Knight took to Twitter to blame people criticizing her work for not reading the article, but the problem is that they did read it: saying you’re in favor of labor over the bosses while writing positively about how this is one way to interpret the word “value” just means what you’re giving readers to take away from the story is wrong, not that the readers are. Discussing how these players should be paid more while spending paragraphs explaining that some of these postseason-bound teams wouldn’t be heading there without severe exploitation of their young players who are contractually unable to negotiate a better salary for themselves, one they’re worth getting, makes it pretty easy to forget how you said you think they should be paid more. Especially when one of the examples is, “[Bellinger] also gave [the Dodgers] some flexibility to give free-agent veteran outfielder A.J. Pollock a five-year, $60 million contract and hope he will help solve some of the club’s woes against left-handed pitching in the playoffs,” as if the Los Angeles Dodgers couldn’t have afforded $12 million per year for a good baseball player unless they underpaid Bellinger as much as possible.

It’s a lot of one step forward, two steps back, and that kind of math means you finish the article with the author lagging behind. Maybe Knight’s intent was different than this, but regardless, this is the kind of writing that lets teams off of the hook with their treatment of players and their compensation, because it makes it seem as if there is no other choice than to exploit players in order to compete.

How did this kind of thinking become acceptable in the first place? It’s not entirely the reason, but baseball writers do shoulder some of the responsibility for helping to convince fans that things like tanking and eschewing paying players what they’re worth were the right calls should a team want to compete. The success of teams like the Astros and Cubs, who mercilessly tanked before each winning a World Series, helped solidify that this was the new normal in a league known for its copycat ways. And articles like Knight’s, intentional or not, help reinforce how necessary underpaying players is in order to compete in today’s game, even though that’s not true so much as it is the way things play out.

Plus, as has been pointed out, there already is an award out there for the team that best underpaid players. Why argue to make the MVP a second one? And in 2019, years and years after this kind of thinking first permeated the baseball landscape, when we know it to be the wrong way to look at things?

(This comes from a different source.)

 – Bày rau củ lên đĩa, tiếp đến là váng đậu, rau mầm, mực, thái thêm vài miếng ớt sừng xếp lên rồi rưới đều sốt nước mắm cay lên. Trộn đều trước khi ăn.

What’s most disappointing is that Knight wants the credit for pointing out how underpaid these players are, but she could have just written that article instead. (She at least claims to have written a much different headline, and blames an editor for a last-minute change, but I’m going to side with the editor here, who applied a headline that better applied to the actual words contained within the story, not the ones Knight imagines she wrote.) There is always room to write about how the teams that are competing often are the ones that do the best job of exploiting the system and its players, especially if those articles aren’t praising the exploitation.

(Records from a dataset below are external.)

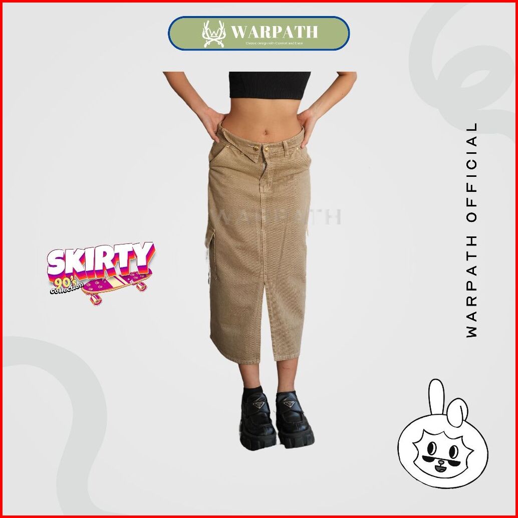 Warpath - Highwaist Rok Jeans Skirty 8696 Midi Skirt Rok Denim Cargo Wanita Khaki Non Stretch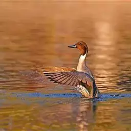 针尾鸭 越冬期栖息于各种类型的河流、湖泊、沼泽、盐碱湿地、水塘以及开阔的沿海地带和海湾等生境中,繁殖期主要栖息于内陆大型湖泊、流速缓慢的河流、河湾及其附近的沼泽和湿草地。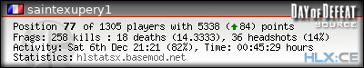 | Rank | Server | Kills | % | Ratio | Deaths | K:D | Headshots | Percentage of Headshots | % | HS:K |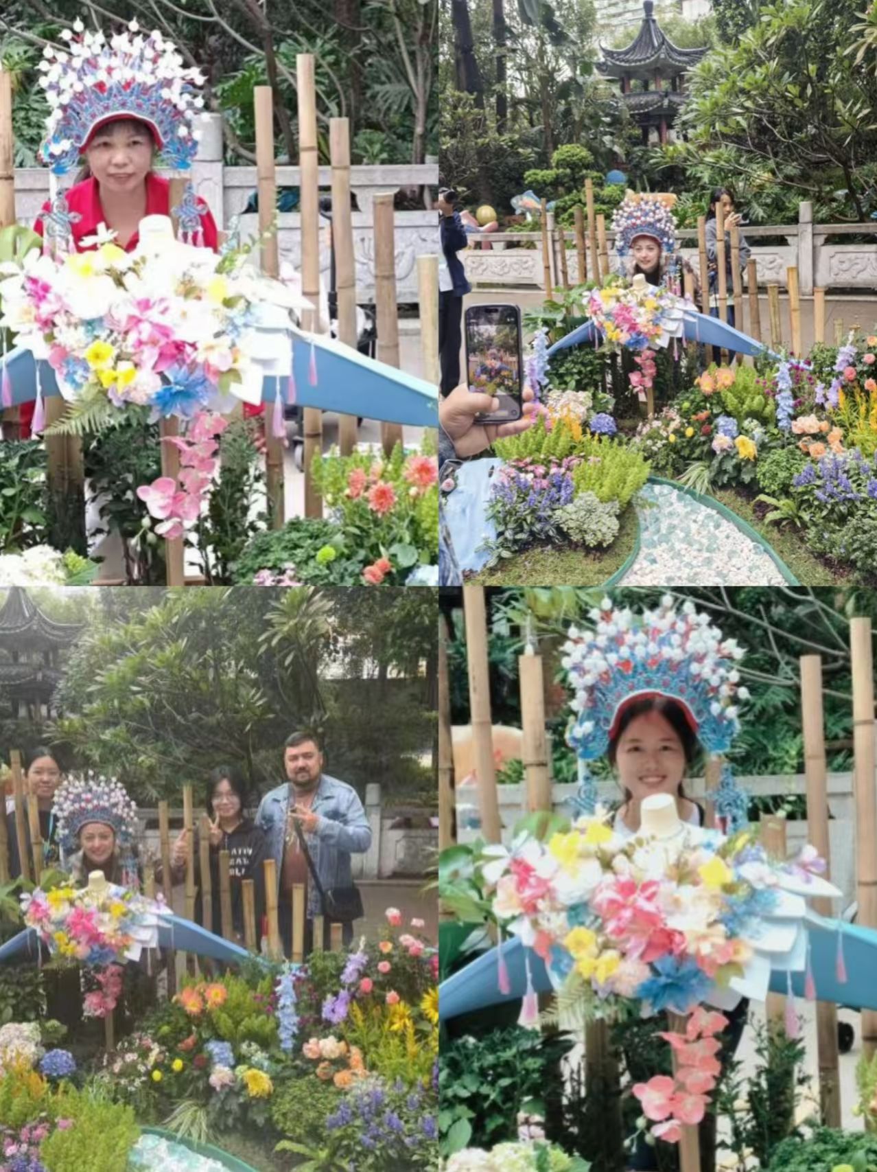 《一曲花袖绕湾来》巧妙融合岭南非遗文化与全民健身主题,成为现场焦点,吸引众多市民游客驻足欣赏。不少提前观展的市民沉浸于作品的文化意蕴之中,纷纷拍照留念。现场反响热烈,有观众称赞:“你们做得真漂亮!第一次看到粤剧元素被运用得如此精美。”一位土生土长的“西关”市民感叹:“从小听粤剧长大,看到这些作品,倍感亲切。”

With a different framing, there are entire paragraphs of this story that don’t even need to be rewritten! The problem is that it is framed the way it is, and therefore those paragraphs take on a different meaning, and that’s how I end up writing about it and you end up reading about it even if neither of us wants that to be happening right now.

I hope Knight has learned something from this, but I fear that the extremely closed-off nature of her responses to criticism of the article suggests she hasn’t. It’s a shame, too, because she’s right in that there aren’t enough journalists out there supporting overhauls to the system that would benefit the exploited players. I’m always happy to welcome another to this too-small circle, but the thing is, they have to actually be what they say they are in order for that to work.